— EXERCISE DIRECTIONS —
Pull each line holding the word "Irène" from the data.
<<<<
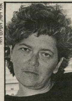
אלה זסה, תולס הוח

במשך כל השנה נראה המחזה הזה בערי ישראל: קבוצה קטנה של נשים, כולו לבושות בשחור, קיימו בכיכר מרכזית הפגנה שבועית שקטה נגד פעולות-הדיכוי בשטחים הכבושים.
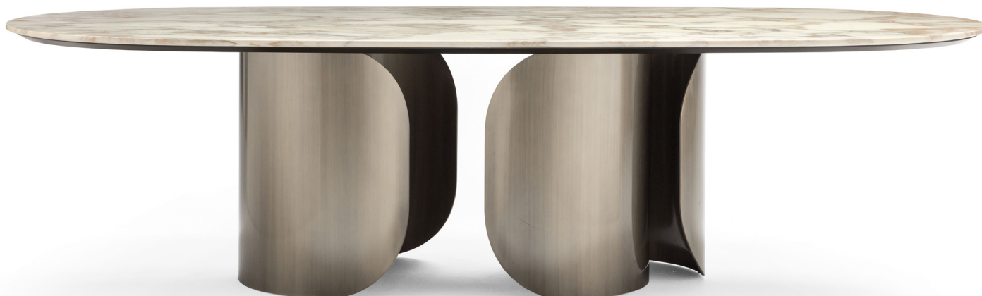
fin. MOS | Marble top CA - Gold Calacatta

“Protagonista della sala da pranzo firmata Opera Contemporary, Oscar è un elegante tavolo ovale caratterizzato da un vivace contrasto materico tra la base metallica e il piano in marmo. La struttura cilindrica arrotondata si apre su un lato per mostrare l'interno cavo. Questo arredo è disponibile con diverse dimensioni di piano.”
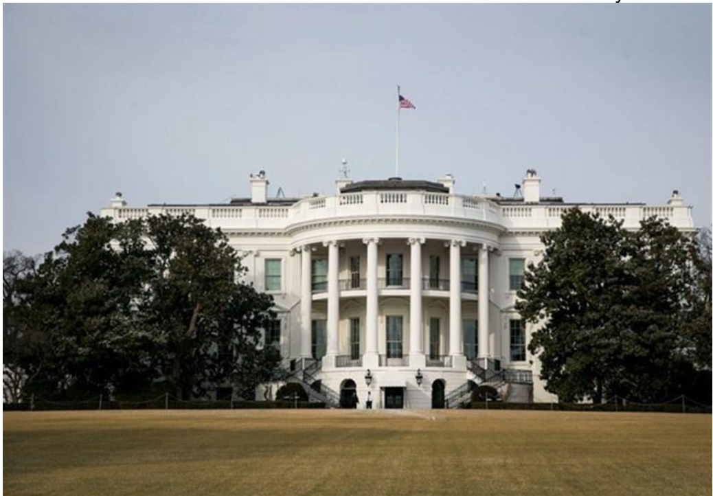
Figure 14 - The White House in Washington, D.C. by Irish born architect, James Hoban
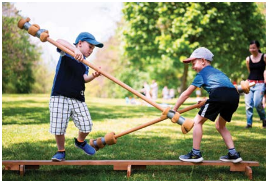
Z Poutě rodin a přátel Vlčího doupěte na Sv. Antoníně.

Upozornění pro souvislosti hledající: nic takového v západní Evropě není normou. Údajně je však záměrem mít neutrální doklad. Dr. Václav Fejt, mikrobiolog a laboratorní imunolog, o tom nedávno jako praktik v medicíně řekl: „Neutrální
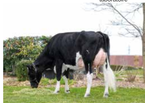
Schrago Solomon Samoa, fille de Irène produit par FIV au laboratoire

Irène (200 embryons produits) Duf'Bonus ( 300 embryons produits et déjà 80 génisses nées ) sont toujours présentes à la Station Biotechnologies AURIVA
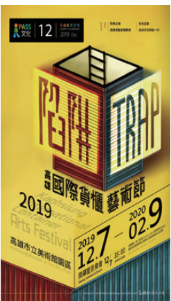
高雄國際貨櫃藝術節

而在關注世界性議題的同時，更運用開創式的藝術手法，結合設計、時尚、視覺與科技等媒材與手法，開展跨族群、跨領域的多元性對話。美術館也藉此充分扮演國際藝術平台
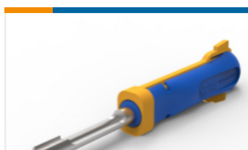
TE 产品编号91017-3 AMP-INCERT TAB EXTRACTION TOOL
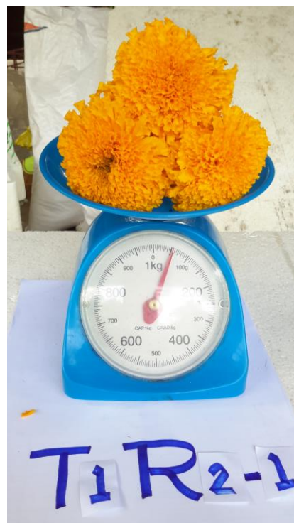
ภาพผนวกที่ 41,42,43 ชั่งน้ำหนักสดดอกดาวเรือง
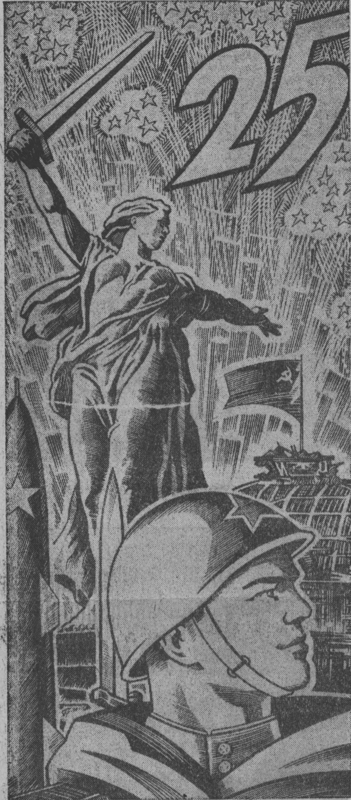
Плакат художника С. ГРИНЬКО.
>>>>
— COMPLETED TASK —
Schrago Solomon Samoa, fille de Irène produit par FIV au laboratoire
Irène (200 embryons produits) Duf'Bonus ( 300 embryons produits et déjà 80 génisses nées ) sont toujours présentes à la Station Biotechnologies AURIVA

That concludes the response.